Before I turned ten years old, my grandmother had also died. That changed our world completely.

To our household, we brought in my grandmother’s everyday dishes and her special occasion dishes, her full set of matching silverware, frosted iced tea glasses picked up as souvenirs from vacation spots all over Michigan, a tiny, engraved, silver cup and spoon that had been hers when she was a baby, a roll-top desk that had belonged to my grandfather, many suitcases and purses, books and bookcases, and a car. We had a telephone installed for the first time, since Grandma would no longer be there to take telephone calls and messages, or run next door to tell us.

As young children, it was like a roller coaster ride: one minute we were thrilled at our new car, the telephone, the dishes…the next minute remembering the reasons for the windfall, and that our grandmother was no longer with us. As for my mother, at not quite thirty years old, she had lost both her parents. She had no brothers or sisters. She had a husband that worked long hours, and seven small children at home.

My parents rented the house next door. I can’t recall all the tenants. I think I remember one woman renter, followed by a couple men. One was a man who drove a beer truck. He had a skin disease, and was told by his doctor to sunbathe in the nude. My Dad built a partition of cedar poles and woven metal flashing to give him privacy, and we were told to stay out of that yard.

Later, my Aunt Margaret moved in, with her eight children. The upstairs became a loft bedroom for her four boys: Barry, Kim, Bobby and Greg. Three of the girls, Shirley, Gail and Mary Jean, shared one small bedroom; the baby, Joannie, shared the other bedroom with her Mom.

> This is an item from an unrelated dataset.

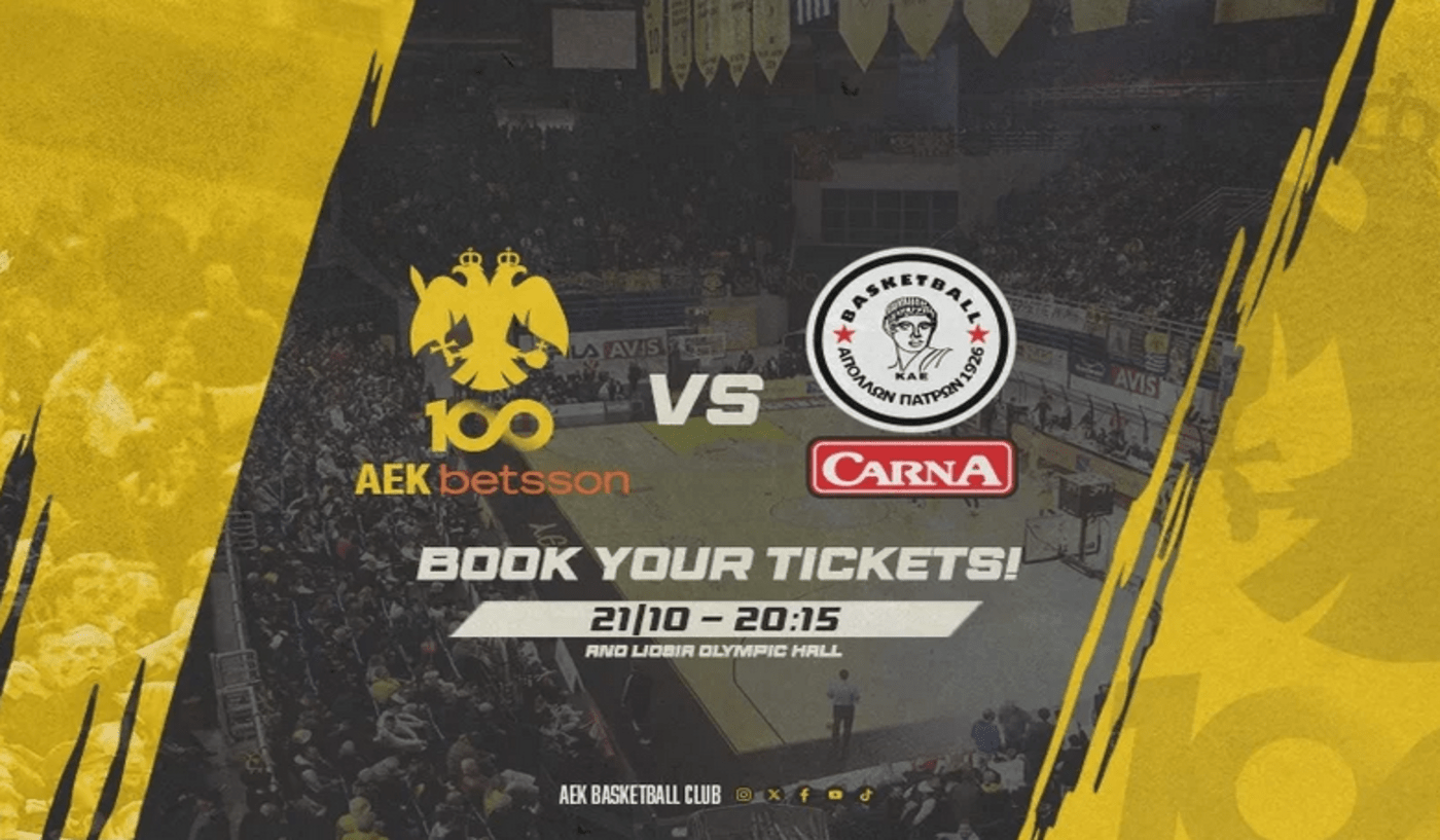 Η ΑΕΚ ΒETSSON BC ενημερώνει, ότι ξεκίνησε η διάθεση των εισιτηρίων για την αναμέτρηση της «Βασίλισσας» με αντίπαλο τον Απόλλωνα Πάτρας, στο πλαίσιο της 3ης αγωνιστικής της Basket League 2023-2024, η οποία θα διεξαχθεί το Σάββατο (21/10, 20:15), στο Olympic Hall των Άνω Λιοσίων.

Dad built an addition off the back of that house, then, for a laundry room and a little extra space. He’d been regularly adding on to our home, as well. Our family was expanding; Dad added gardens and livestock as well as rooms. That will have to wait for another day!

7 responses »

    • Oh, thank you! Though this is a continuing writing exercise about addresses I have lived at, I have especially enjoyed delving into these childhood memories. Thanks for reading, and for your kind comments!

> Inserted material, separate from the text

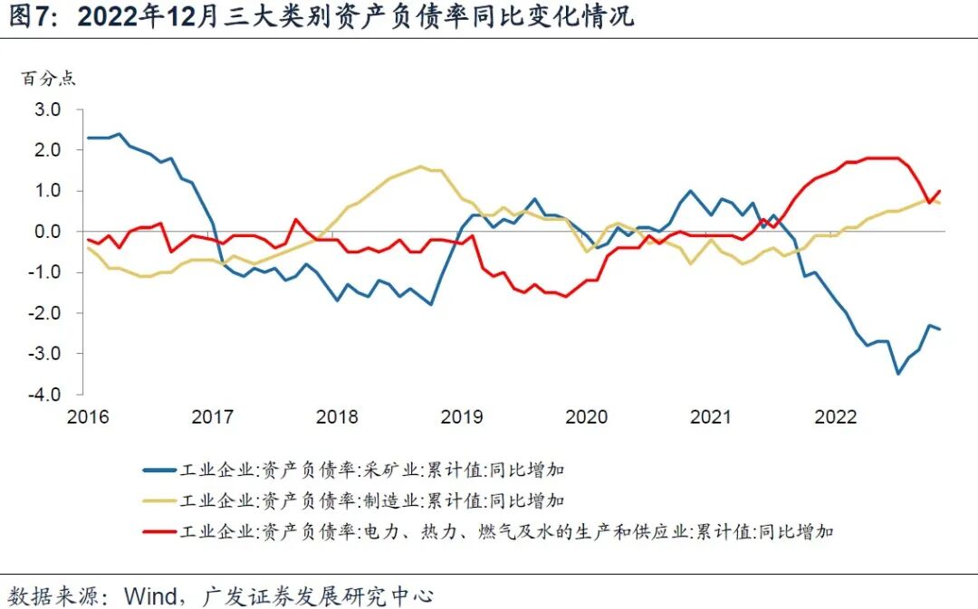 至2022年底,工业企业资产负债率56.6%,环比小幅下降0.3个点;同比上行0.3个点。从三大类别来看,采掘业去杠杆、制造业杠杆率同比小幅上行、公用事业加杠杆的分化特征未发生明显改变,仅就12月单月来看,公用事业杠杆率同比提高1个点,自11月的0.7个点有所加速,或意味着以新能源为代表的基建投资在短期内仍将保持在较高水平。

  1. I, too, am enjoying this assignment of yours, Cindy. I agree with Marshall. I can hear you reading this series aloud on NPR!

  2. I was fortunate enough to have all four grandparents (and a few great-grandparents too) until I was sixteen. My grandpa Mike died then, but the other three lived on many years after that. But they all lived far away. Losing grandparents who were part of your everyday life would be so sad.

    Knowing there was a nude man in the yard next door must have been pretty funny though. Did you and your sisters giggle about that from time to time?